#### REQUIREMENT:
Exact repetition of a range: find the line containing "<b>ZXIVGOQFR Foldable Premium" and the line containing "公園の一角に位置する永福稲荷" in the material below, then repeat both and all lines between them, leaving pictures out.

RECORDED INFORMATION Start Marker

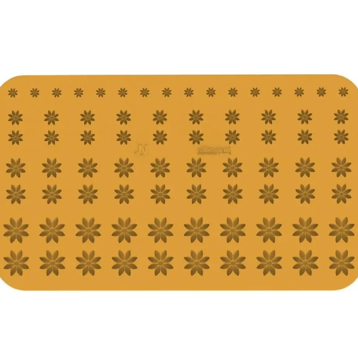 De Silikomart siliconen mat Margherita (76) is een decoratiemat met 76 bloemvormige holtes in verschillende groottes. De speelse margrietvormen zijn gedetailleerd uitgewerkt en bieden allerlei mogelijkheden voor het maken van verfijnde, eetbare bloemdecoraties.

RECORDED INFORMATION End Marker
RECORDED INFORMATION Start Marker

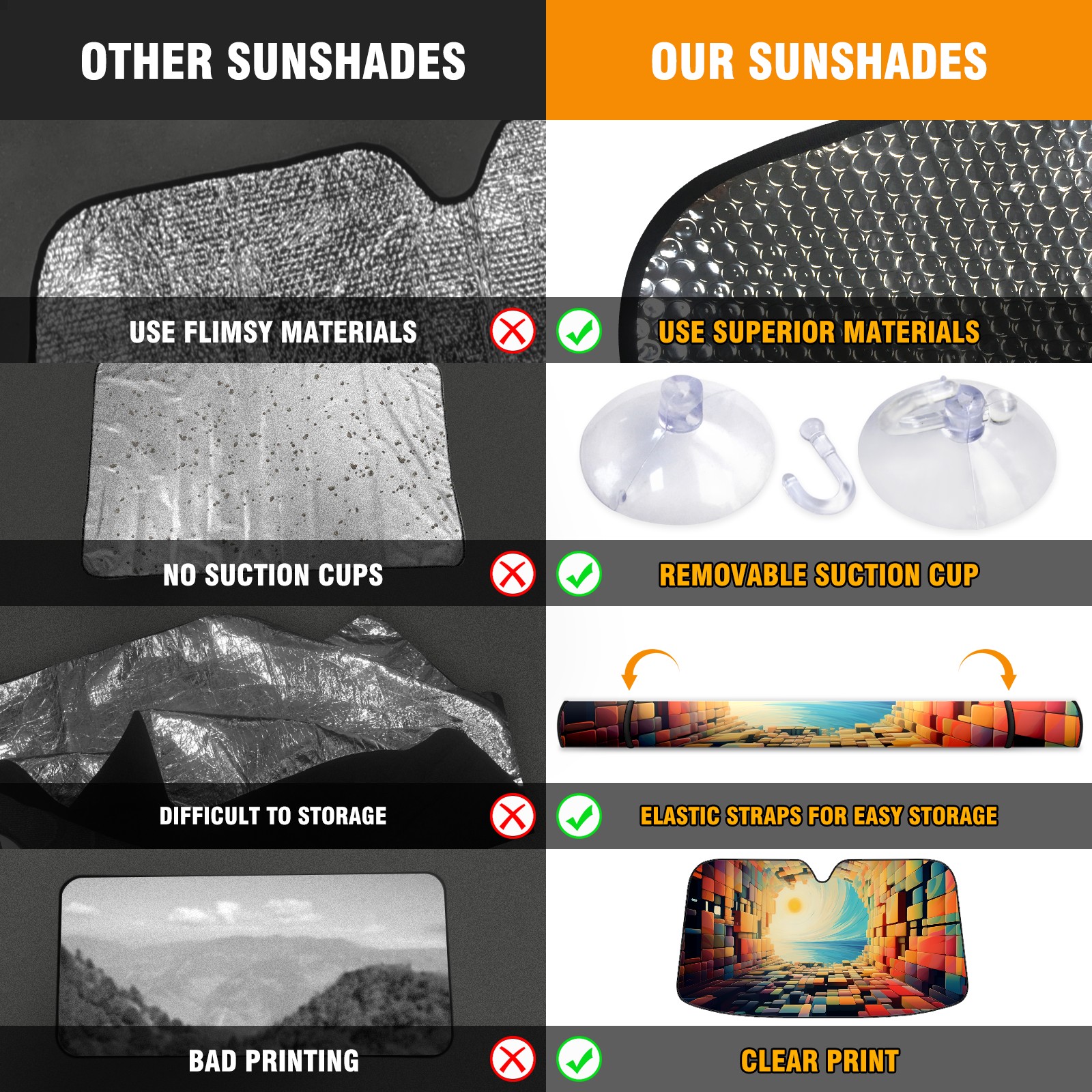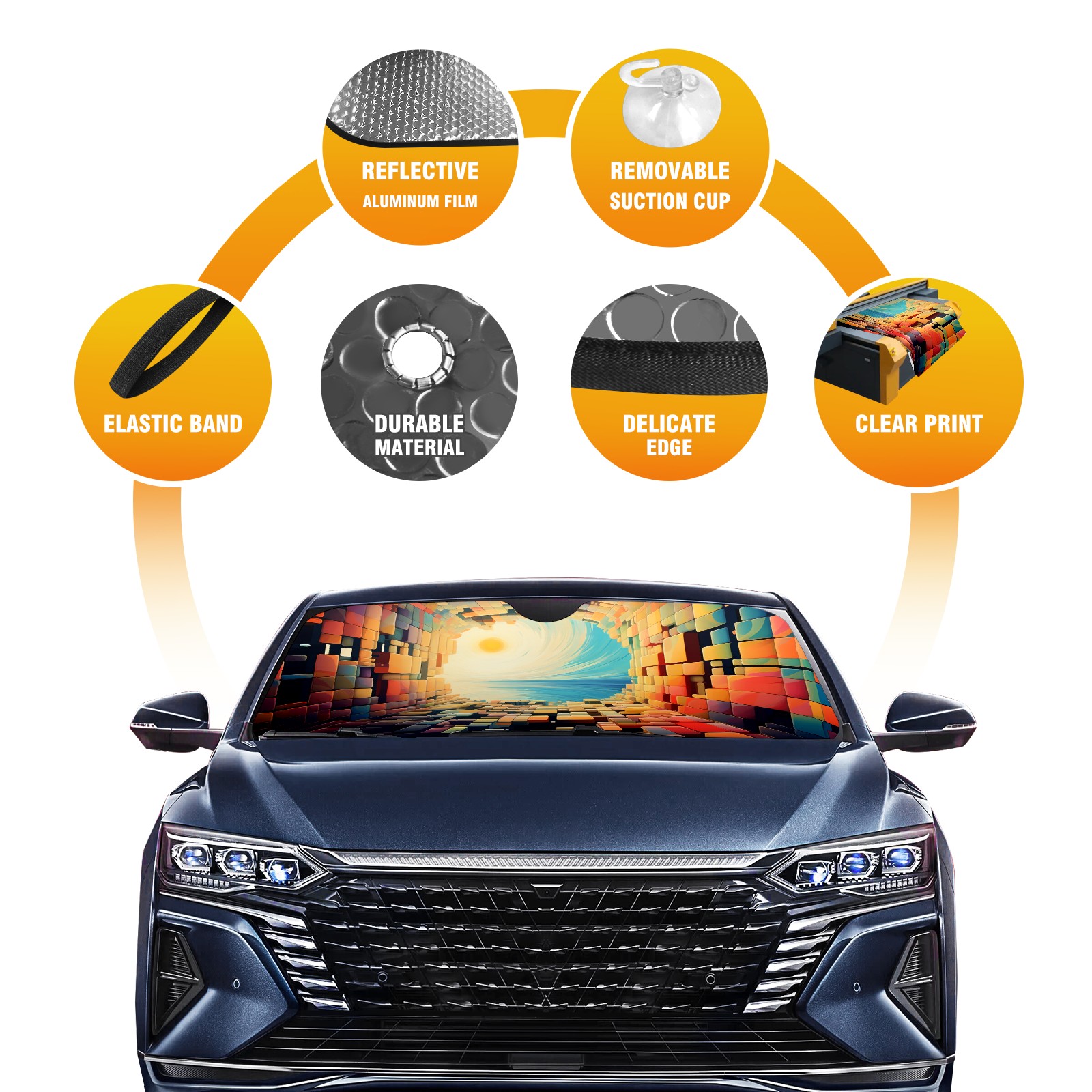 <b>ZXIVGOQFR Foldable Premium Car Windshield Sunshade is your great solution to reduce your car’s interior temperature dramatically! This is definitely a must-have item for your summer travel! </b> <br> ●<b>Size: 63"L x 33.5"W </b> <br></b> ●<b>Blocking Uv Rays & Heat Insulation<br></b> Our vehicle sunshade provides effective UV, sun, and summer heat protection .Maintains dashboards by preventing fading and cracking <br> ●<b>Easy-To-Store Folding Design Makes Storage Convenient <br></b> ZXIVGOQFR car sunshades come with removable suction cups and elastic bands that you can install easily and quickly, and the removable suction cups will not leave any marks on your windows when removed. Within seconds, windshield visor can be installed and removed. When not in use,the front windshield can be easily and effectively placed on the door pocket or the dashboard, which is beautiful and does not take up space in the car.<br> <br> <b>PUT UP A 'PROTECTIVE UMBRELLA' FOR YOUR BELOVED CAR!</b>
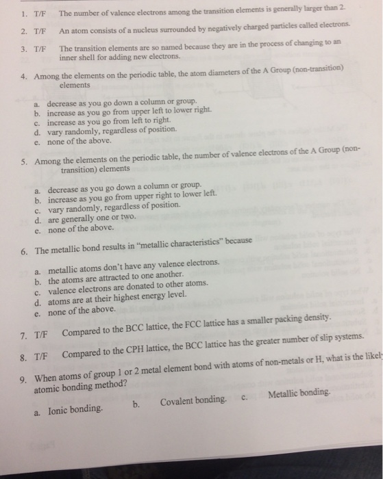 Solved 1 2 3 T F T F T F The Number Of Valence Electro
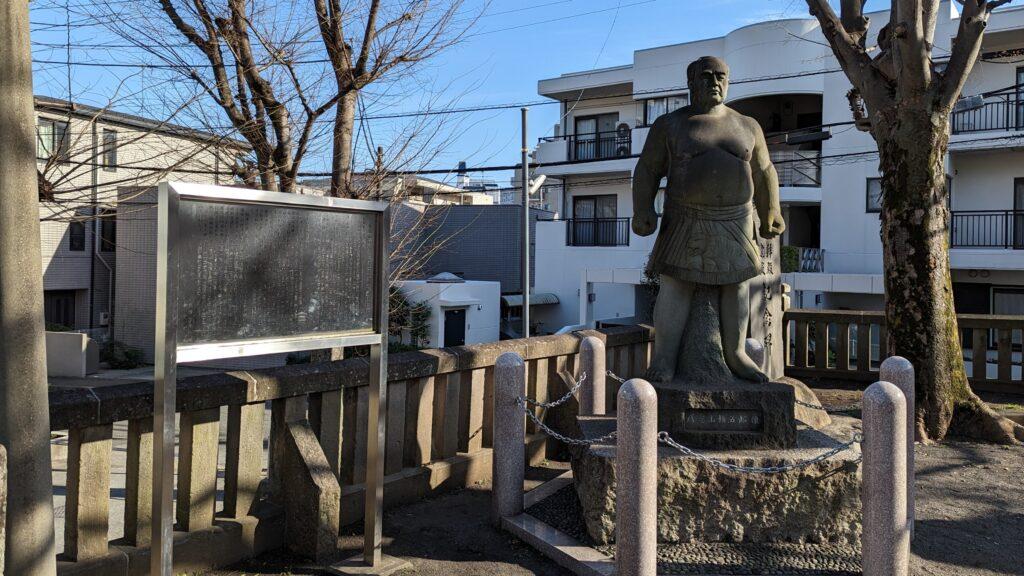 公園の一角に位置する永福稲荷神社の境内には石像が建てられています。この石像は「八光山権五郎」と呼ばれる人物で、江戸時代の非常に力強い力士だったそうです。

RECORDED INFORMATION End Marker

#### FINISHED EXERCISE:
 <b>ZXIVGOQFR Foldable Premium Car Windshield Sunshade is your great solution to reduce your car’s interior temperature dramatically! This is definitely a must-have item for your summer travel! </b> <br> ●<b>Size: 63"L x 33.5"W </b> <br></b> ●<b>Blocking Uv Rays & Heat Insulation<br></b> Our vehicle sunshade provides effective UV, sun, and summer heat protection .Maintains dashboards by preventing fading and cracking <br> ●<b>Easy-To-Store Folding Design Makes Storage Convenient <br></b> ZXIVGOQFR car sunshades come with removable suction cups and elastic bands that you can install easily and quickly, and the removable suction cups will not leave any marks on your windows when removed. Within seconds, windshield visor can be installed and removed. When not in use,the front windshield can be easily and effectively placed on the door pocket or the dashboard, which is beautiful and does not take up space in the car.<br> <br> <b>PUT UP A 'PROTECTIVE UMBRELLA' FOR YOUR BELOVED CAR!</b>
 Solved 1 2 3 T F T F T F The Number Of Valence Electro
 公園の一角に位置する永福稲荷神社の境内には石像が建てられています。この石像は「八光山権五郎」と呼ばれる人物で、江戸時代の非常に力強い力士だったそうです。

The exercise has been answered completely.